• [Task goal]: Transcribe word for word each line from the one containing "The FCC is one" to the final line of the data, both included. Skip the pictures.

• [Information supplied]:
◆ ◆ ◆

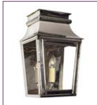
(513) - Page 128
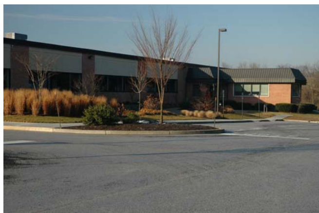
The FCC is one of the tenants of this Gettysburg office building.
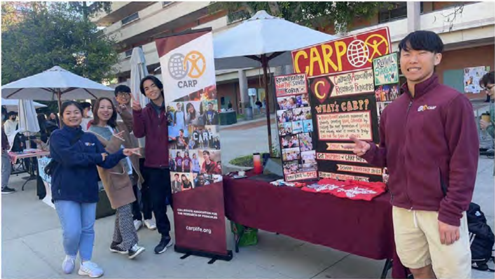
Pasadena City College; Pasadena, CA

◆ ◆ ◆

• [Solution]:
The FCC is one of the tenants of this Gettysburg office building.
Pasadena City College; Pasadena, CA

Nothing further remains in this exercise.